News: Risk of cardiovascular issues higher in patients with long COVID

CDI Strategies - Volume 16, Issue 24

Cardiovascular complications, such as pulmonary embolism, arterial and venous thromboses, myocardial infarction, and stroke, are found to be higher in patients with post-acute sequelae of SARC-CoV-2 (PASC), or “long COVID,” according to the American Academy of Physical Medicine and Rehabilitation’s (AAPM&R) consensus statement. Considering 5-29% of COVID-19 survivors report cardiovascular symptoms months after their recovery, this highlights the need for clinicians to have greater awareness of such conditions, MedPage Today reported.

AAPM&R released the consensus statement to help increase awareness as well as share collective knowledge from across medical fields so that providers are better able to identify long COVID. It recommends that physicians more vigilantly watch for cardiovascular problems and even cardiovascular disease caused by long COVID. Patients with no history of such complications in particular should be monitored.  

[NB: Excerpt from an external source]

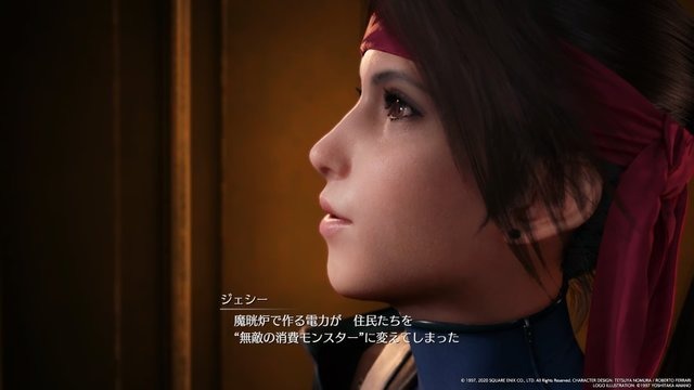 彼女たちが知るよしもありませんが、予想を超える被害は神羅の工作が原因。しかしジェシーは、他の可能性を考慮するよりも先に、自分のミスの検証から始めます。自分の行動に責任を負う姿は、クラウドにアプローチしていた時とはまるで異なりますが、これも彼女の一面です。

The team behind the statement advised that healthcare professionals receive better education on the likelihood of developing long COVID, the expected systems versus the clinical red flags, and the heterogeneity of long COVID symptoms, to name a few. "I think the future will entail a state where we are talking about COVID as a risk factor," said lead author Jonathan Whiteson, MD, of NYU Langone Health in New York City, in a press release for the statement. "If someone has had COVID, they may develop cardiovascular disease even in the absence of other risk factors, so look carefully and interpret symptoms cautiously because it's not something you want to miss."

Specific symptoms Whiteson and team noted are shortness of breath, fatigue, chest pain, palpitations, dizziness, abdominal bloating, leg swelling, and reduced tolerance for exercise or activity. They recommended taking a full patient history, noting the cardiac complaints, and making use of testing such as electrocardiograms, echocardiograms, cardiac stress tests, and standard lab tests. If the patient is experiencing severe complications (such as arrhythmias, coronary artery disease, ventricular dysfunction, etc.), it is recommended providers refer them to a specialist or a rehabilitation center.